▼
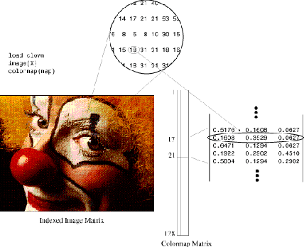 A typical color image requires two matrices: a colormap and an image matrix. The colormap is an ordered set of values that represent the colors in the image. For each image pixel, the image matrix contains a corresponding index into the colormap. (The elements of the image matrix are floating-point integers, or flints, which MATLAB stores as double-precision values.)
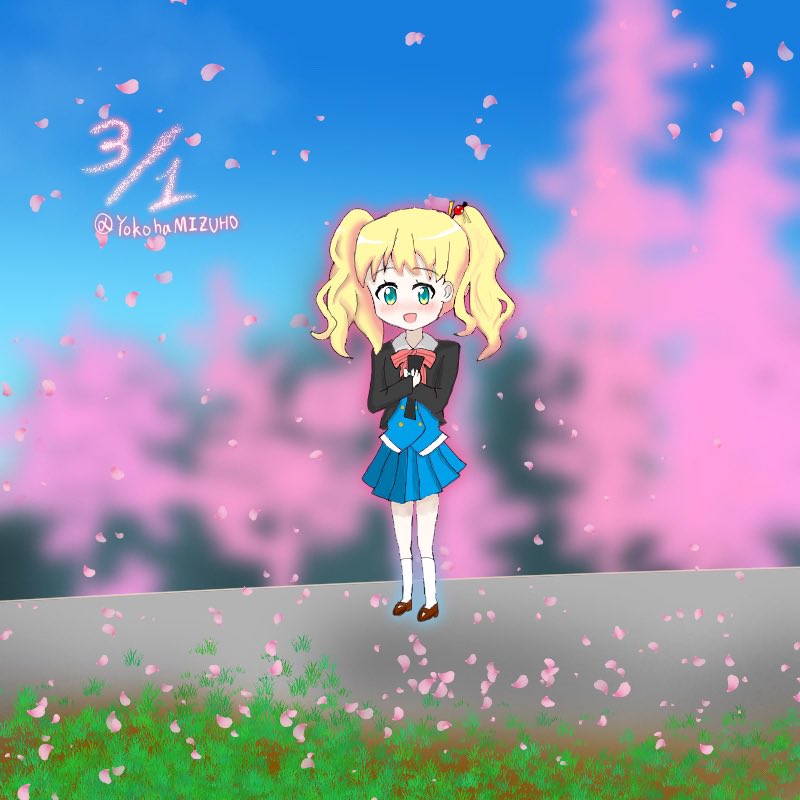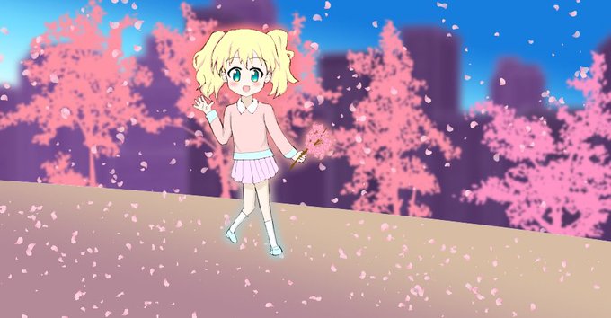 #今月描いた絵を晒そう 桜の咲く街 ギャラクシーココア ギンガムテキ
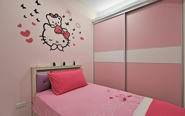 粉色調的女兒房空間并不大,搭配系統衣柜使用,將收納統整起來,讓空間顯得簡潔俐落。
▲
▼
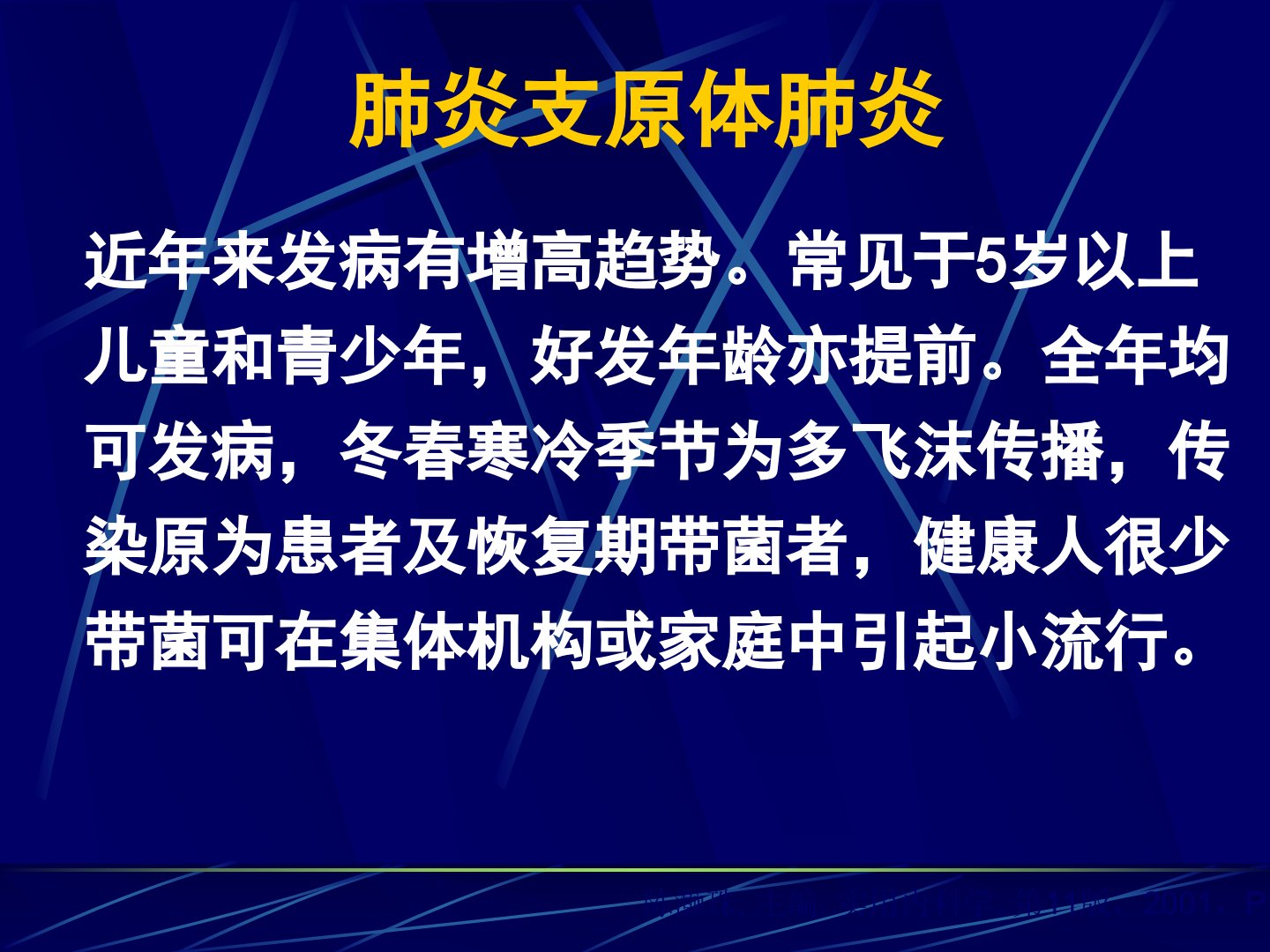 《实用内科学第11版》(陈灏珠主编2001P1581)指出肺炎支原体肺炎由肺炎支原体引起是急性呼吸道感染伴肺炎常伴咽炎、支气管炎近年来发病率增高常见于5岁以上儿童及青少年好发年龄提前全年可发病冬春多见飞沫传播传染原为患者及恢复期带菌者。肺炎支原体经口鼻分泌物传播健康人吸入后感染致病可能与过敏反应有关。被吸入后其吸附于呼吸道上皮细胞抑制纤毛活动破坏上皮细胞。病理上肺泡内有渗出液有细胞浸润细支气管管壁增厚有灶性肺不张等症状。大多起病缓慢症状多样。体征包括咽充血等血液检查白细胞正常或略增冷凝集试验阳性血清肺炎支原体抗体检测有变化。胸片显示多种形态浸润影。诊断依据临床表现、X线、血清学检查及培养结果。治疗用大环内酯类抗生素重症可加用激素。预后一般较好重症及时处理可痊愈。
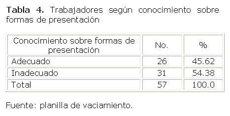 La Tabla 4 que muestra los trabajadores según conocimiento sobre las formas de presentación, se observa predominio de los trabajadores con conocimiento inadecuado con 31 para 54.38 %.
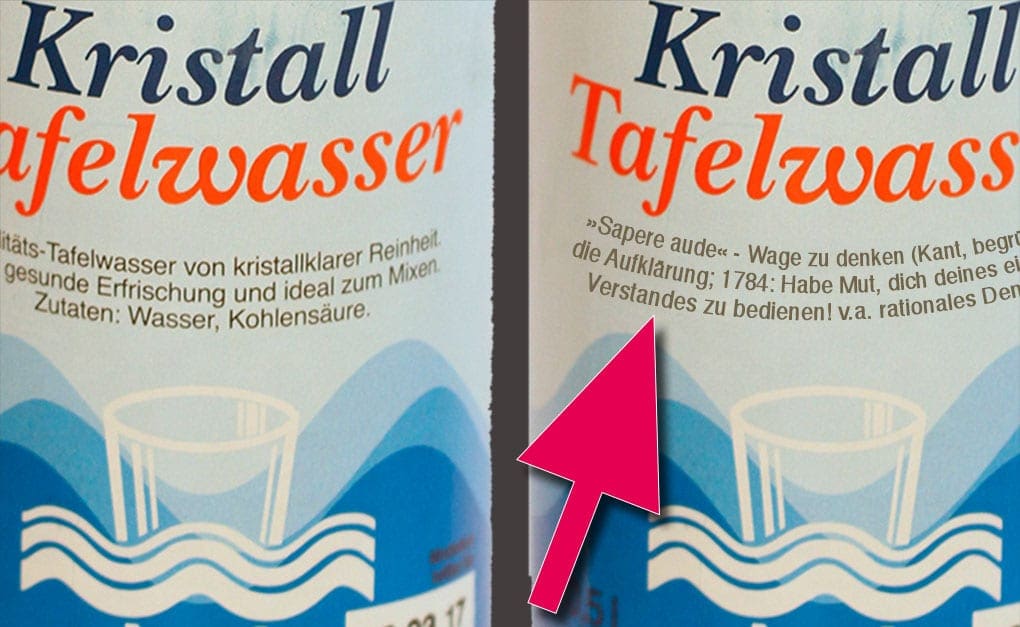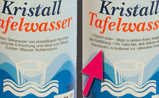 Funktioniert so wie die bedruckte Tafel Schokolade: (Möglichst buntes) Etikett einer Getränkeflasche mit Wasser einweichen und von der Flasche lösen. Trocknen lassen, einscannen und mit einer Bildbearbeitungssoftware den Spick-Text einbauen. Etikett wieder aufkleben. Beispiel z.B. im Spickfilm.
▲
_WORK INSTRUCTION_
Quote the lines above exactly, starting with the one that has "A typical color" and ending with the one that has "粉色調的女兒房空間并不大,搭"; drop the pictures and include nothing else.

_THE COMPLETED TASK_
 A typical color image requires two matrices: a colormap and an image matrix. The colormap is an ordered set of values that represent the colors in the image. For each image pixel, the image matrix contains a corresponding index into the colormap. (The elements of the image matrix are floating-point integers, or flints, which MATLAB stores as double-precision values.)
 #今月描いた絵を晒そう 桜の咲く街 ギャラクシーココア ギンガムテキ
 粉色調的女兒房空間并不大,搭配系統衣柜使用,將收納統整起來,讓空間顯得簡潔俐落。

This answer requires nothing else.